Why does the `mul_add` method produce a more accurate result with better performance?

Fused multiply-add. Computes (self * a) + b with only one rounding error. This produces a more accurate result with better performance than a separate multiplication operation followed by an add.

How is this method implemented? And how much better performance can it produce?

It's implemented using LLVM intrinsics, specifically llvm.fma.f64, which is documented here.

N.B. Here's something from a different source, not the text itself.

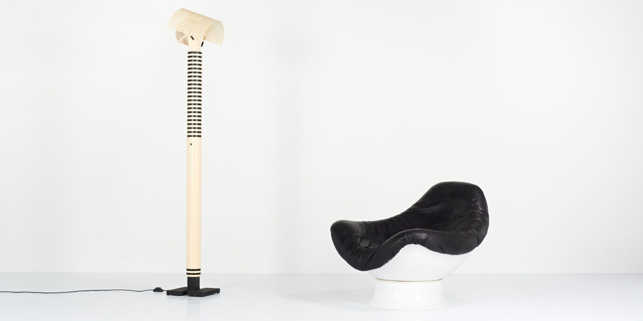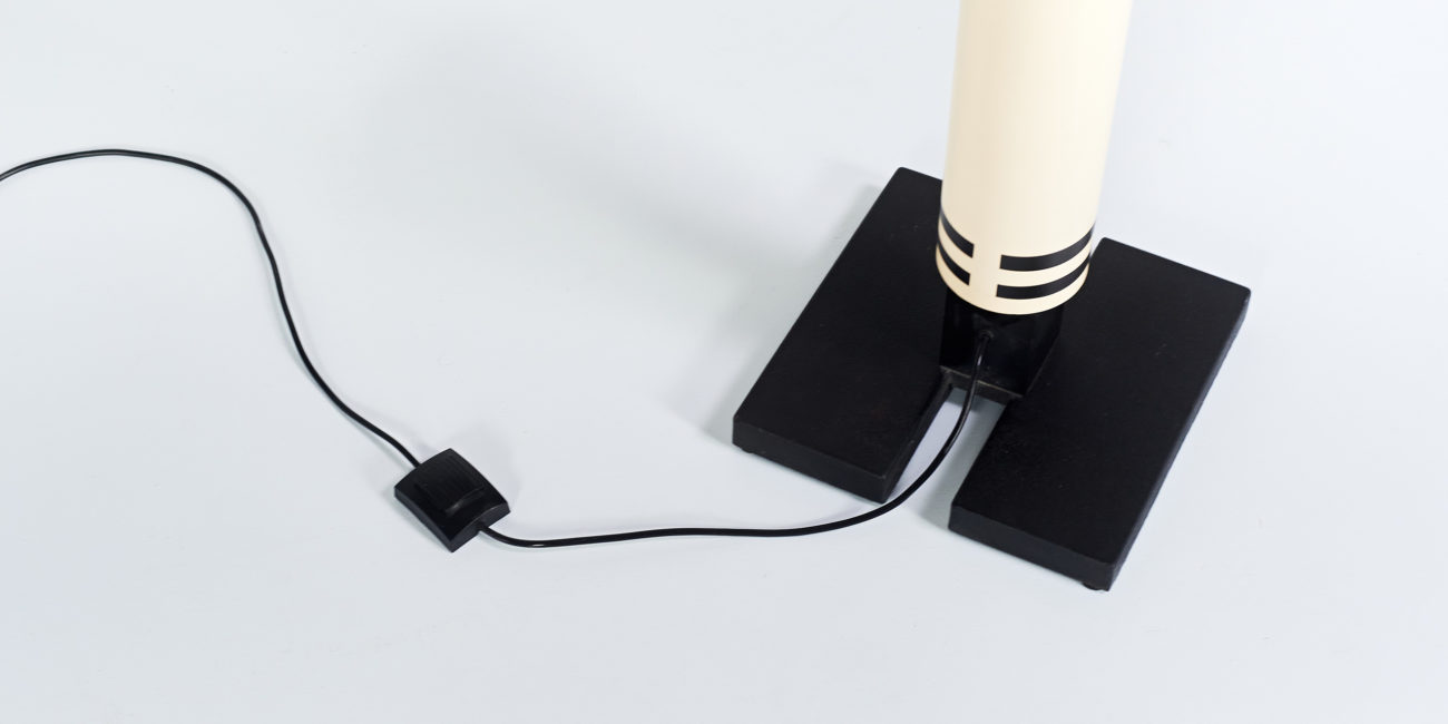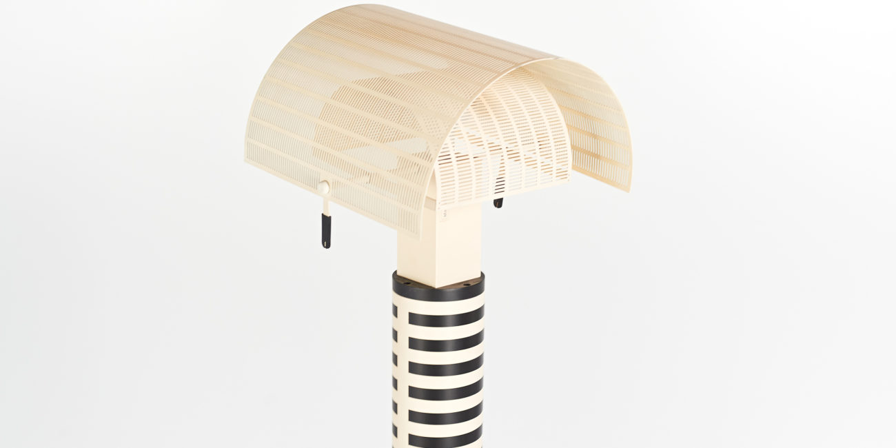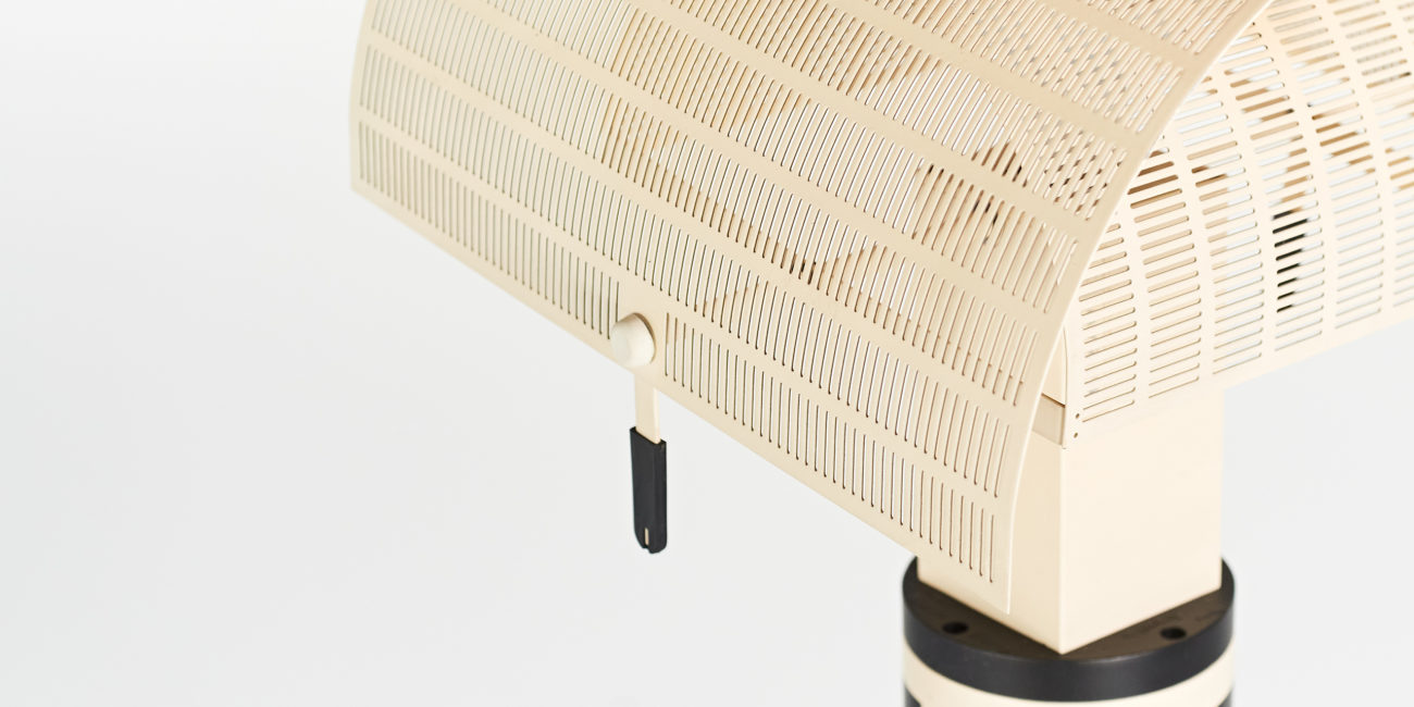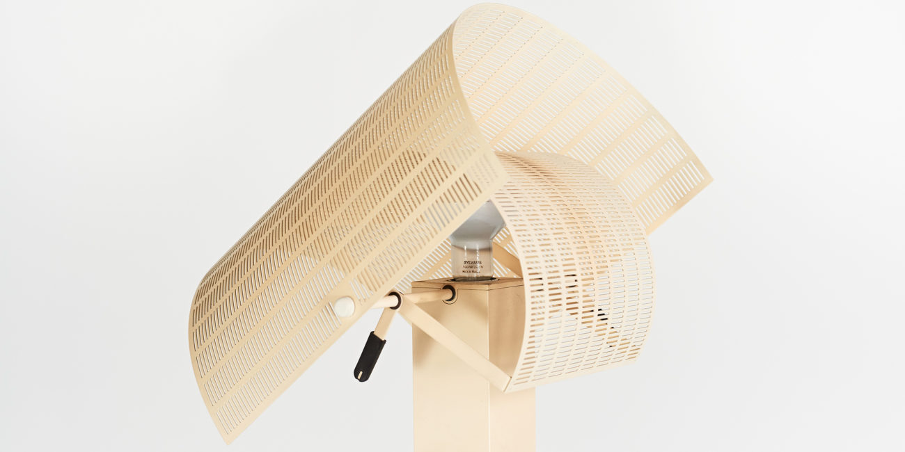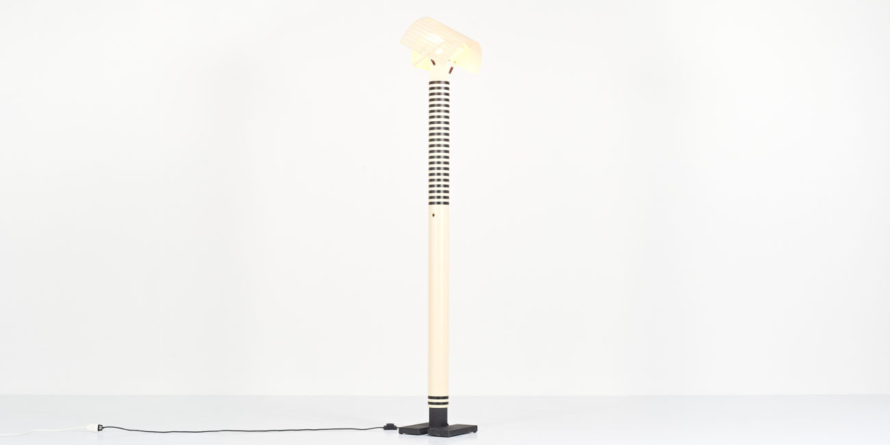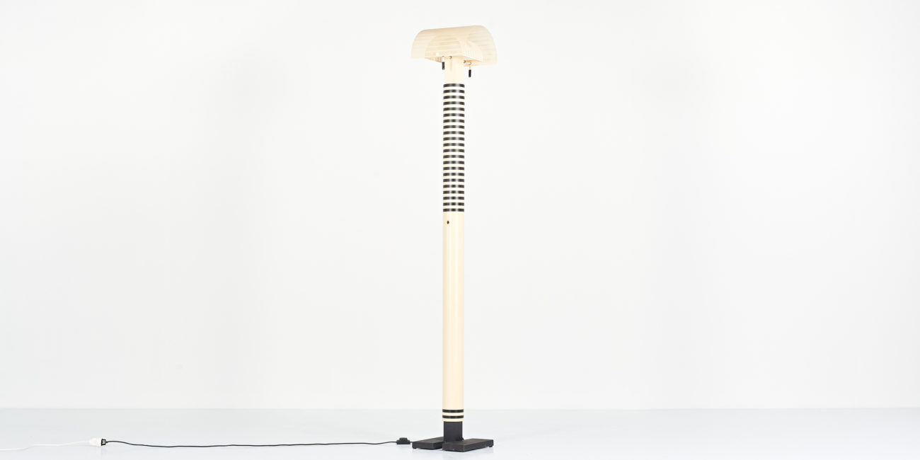 “Shogun Terra” lamp, iconic model by Swiss designer Mario Botta edited by Artemide. Shaft in lacquered aluminum, adjustable reflectors in lacquered perforated steel, base in cast steel. Small traces of use, very good general condition. Base dimensions: 30 x 30cm.
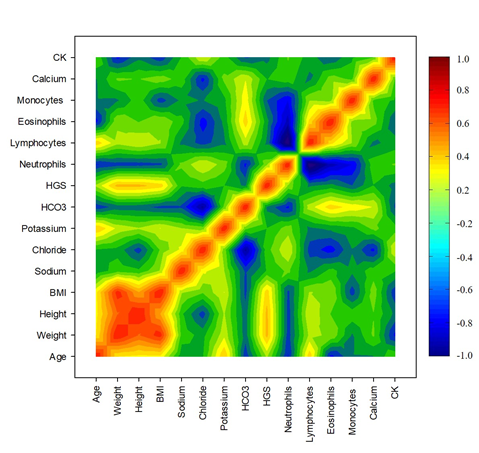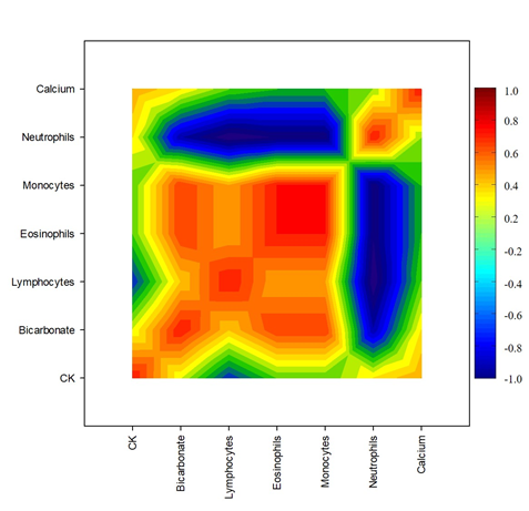 Figure 2 The heat map containing Spearman's correlation coefficient indicates a negative correlation between Neutrophils and lymphocytes (-0.935 – P value 0. 0000002) and bicarbonate and chloride (-0.647 e P value 0.0000002).

That statement in the docs isn't always true: it produces a more accurate result that may be faster than separate multiplication/addition. It's not actually faster on many platforms, since getting high performance basically requires having a specific fma CPU instruction. If not it calls the libc function, which is quite a lot slower (it does a lot more work):

test fma      ... bench:       211 ns/iter (+/- 7)
test separate ... bench:         1 ns/iter (+/- 0)
#![feature(test)]
extern crate test;

#[bench]
fn fma(b: &mut test::Bencher) {
    let x = 1.5_f64;
    let y = 2.123466;
    let z = -987654.23456;

    b.iter(|| test::black_box(x).mul_add(test::black_box(y),
                                         test::black_box(z)))
}

#[bench]
fn separate(b: &mut test::Bencher) {
    let x = 1.5_f64;
    let y = 2.123466;
    let z = -987654.23456;

    b.iter(|| test::black_box(x) * test::black_box(y) + test::black_box(z))
}
5 Likes

I think we should fix the docs then. On my machine, that does have FMA as far as I know, it is still slower:

test fma      ... bench:        29 ns/iter (+/- 1)
test separate ... bench:        23 ns/iter (+/- 1)